Dominic Perrottet visits a flood-hit business in Lismore while premier in March 2022Credit: Elise Derwin
Perrottet jokes that he was “born in the wrong era” of politics and would have thrived in the past when there was “less bureaucracy to get in the way” of reforms. “When you walk down to the parliamentary chamber, you go past all these black and white photos of past members – back when they were probably smoking cigars in the chamber – that is when I should have been in parliament,” he says.

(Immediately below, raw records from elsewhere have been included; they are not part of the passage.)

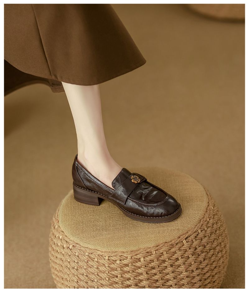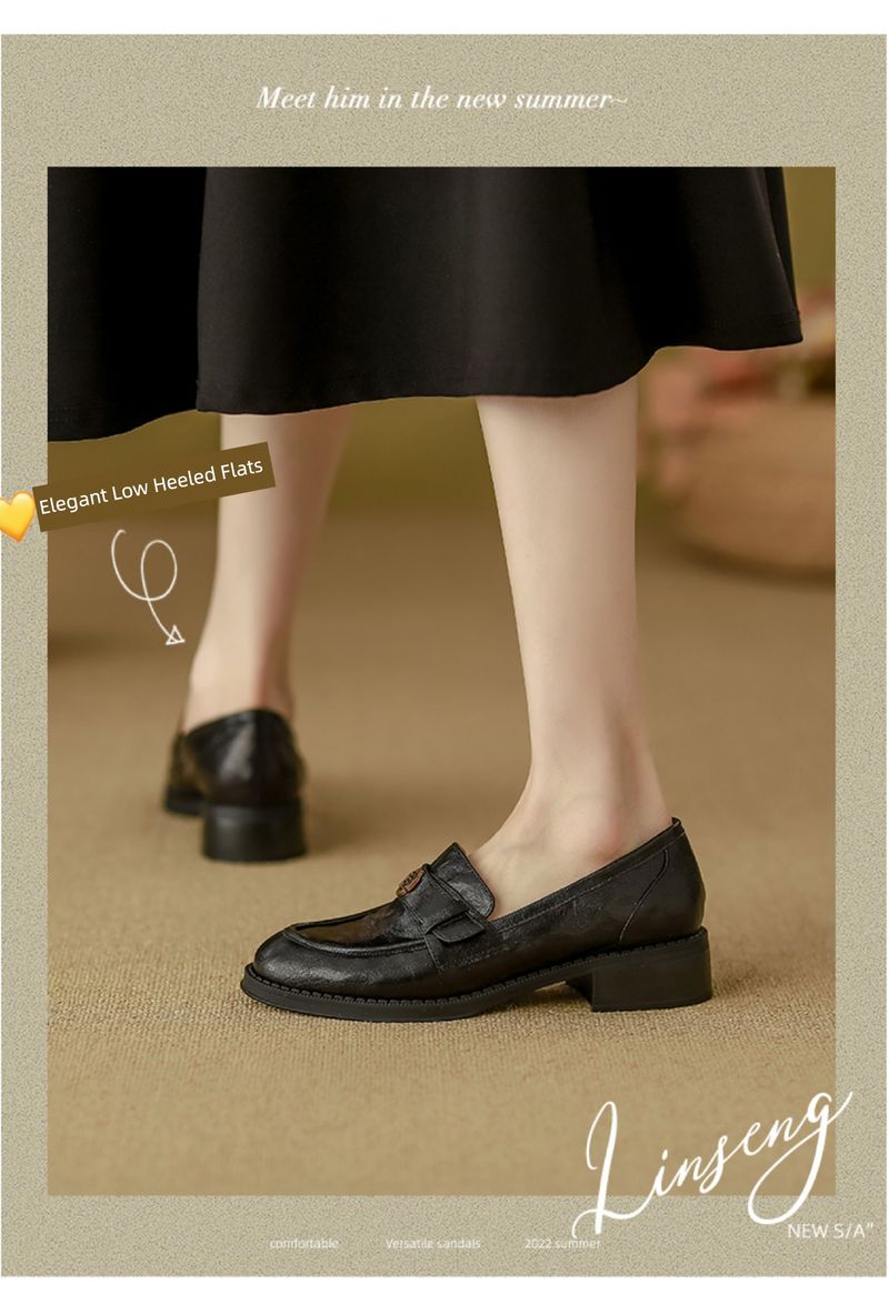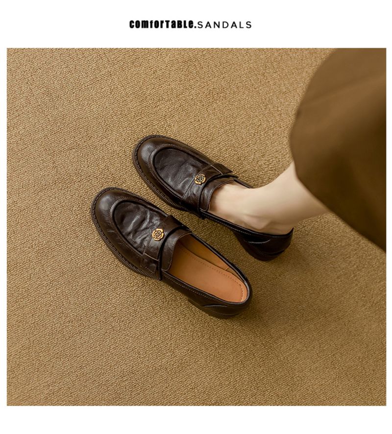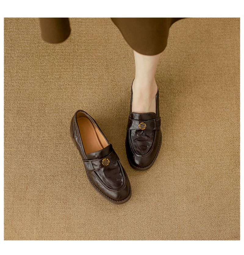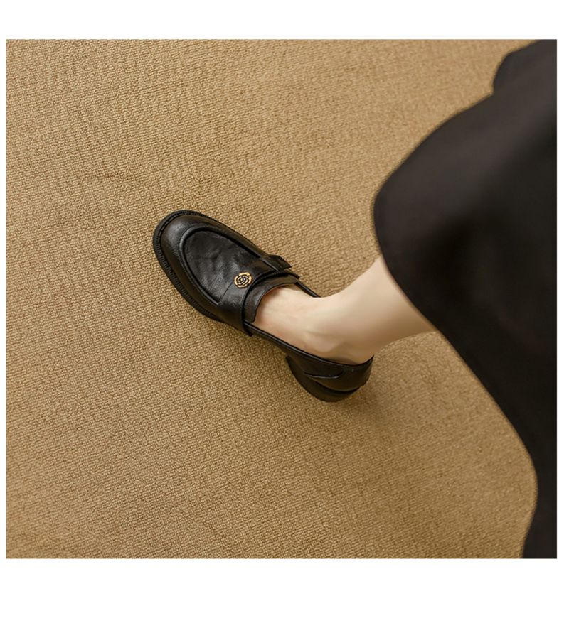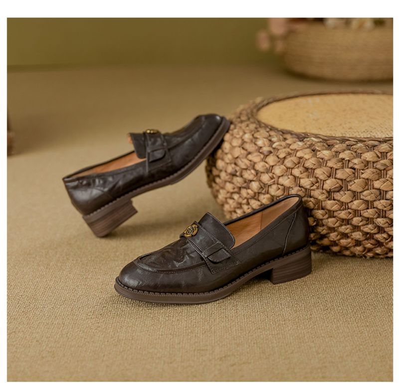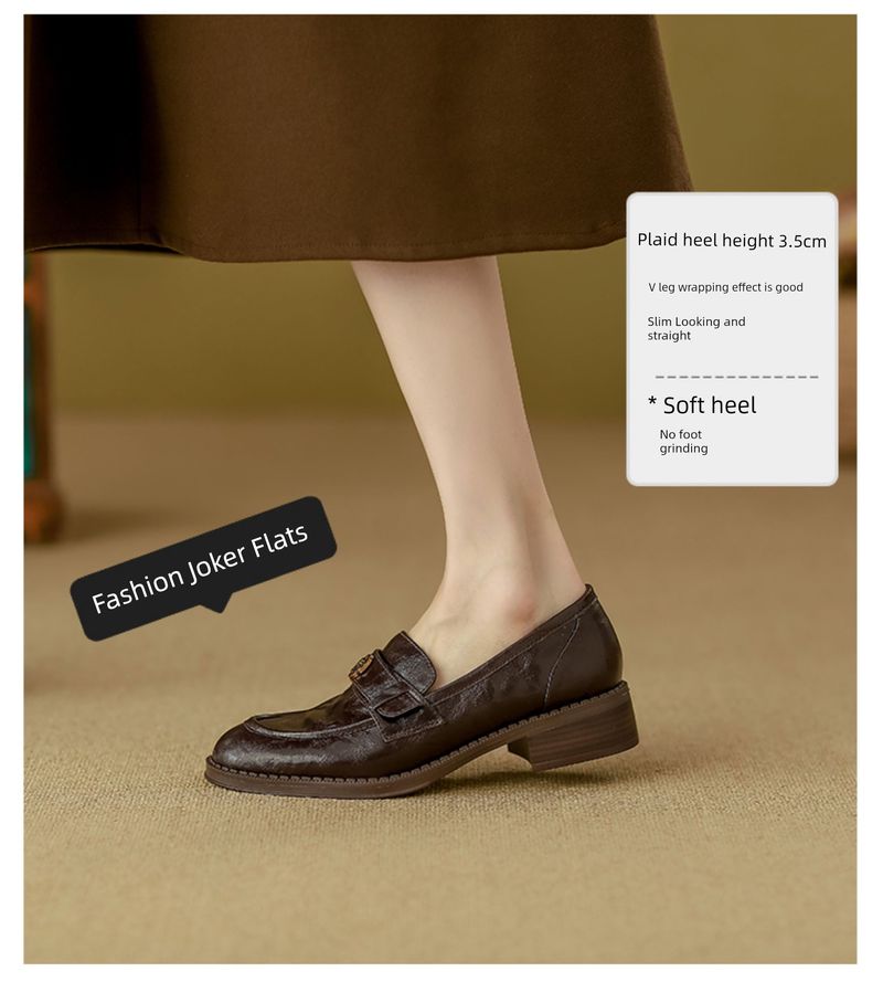 Mute Genuine Loafers Women British Style Single 2025 Spring New Show Feet Gold Coins Thick Bottom Small Leather Shoes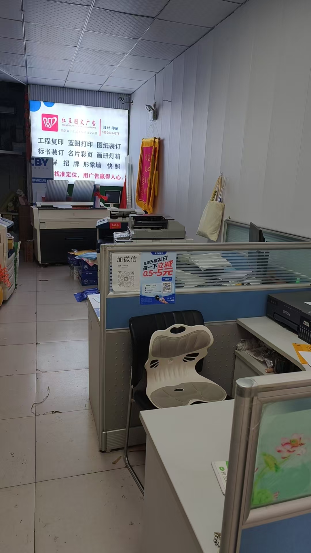 在红豆图文广告公司负责人的带领下,教研室教师团队实地参观了从传统的喷绘写真、图文快印,到数字化品牌视觉设计、新媒体广告运营,红豆图文广告展示了其"传统+数字"双轮驱动的业务布局。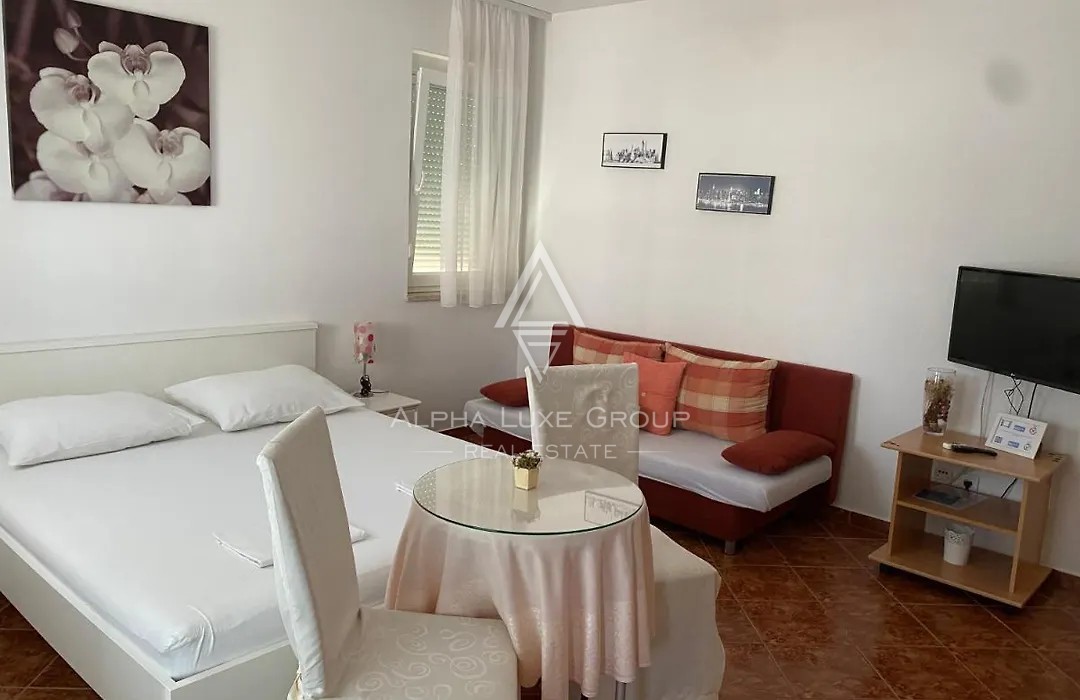 Discover an excellent investment opportunity in Medulin with this spacious apartment house for sale, located just 500 meters from the coastline. Spread across three levels, the property includes 11 residential units, consisting of 10 fully equipped holiday apartments and one comfortable family apartment. With 523.75 m² of living space plus a 50 m² auxiliary building, the estate offers strong rental potential and an established tourism business ready for continued operation.

With an eye-roll, he tells the story of arranging to erect a small statue of former NSW premier and chief justice James Martin in Martin Place and Parramatta. “That took me years – years,” he says. “I was treasurer at the time; could you imagine if I was the treasurer 100 years ago? Probably could have just said, ‘I want a statue in Martin Place; can it be done by 5pm tomorrow, please?’”
The bill at Beppi’s.
Over coffee, I ask what experiences most affected Perrottet during his political career. “COVID was really hard,” he says. “I remember going to the first crisis cabinet meeting and having a discussion about whether we have enough burial space – that was like the first agenda item – and fair enough, because no one knew where it was going. The gravity of that situation was enormous, and sitting around that table was extraordinary.”
Perrottet also singles out the 2022 flood disaster that devastated Lismore and surrounding areas.
“The floods, for me personally, as premier, are something that will be with me for the rest of my life,” he says. “I was emotionally impacted, genuinely deeply moved, by what I saw and the courageous nature of people. It drove me to do everything I could to make a difference.”
It is striking how fervently the young ex-premier still speaks about politics and policy debates.
“Politics is something I’ve had a passion for since I was very young,” he says. “I have friendships from both sides of politics that I’ll have for life because that passion is something I have in common with people … I really enjoy debating ideas and perspectives, and I’ll enjoy that for the rest of my life.”
Has Perrottet completely closed the door on a return to politics? “I think so,” he says with just a hint of misgiving. “I did that for 13 years, that’s a long time, so I think so, yeah.”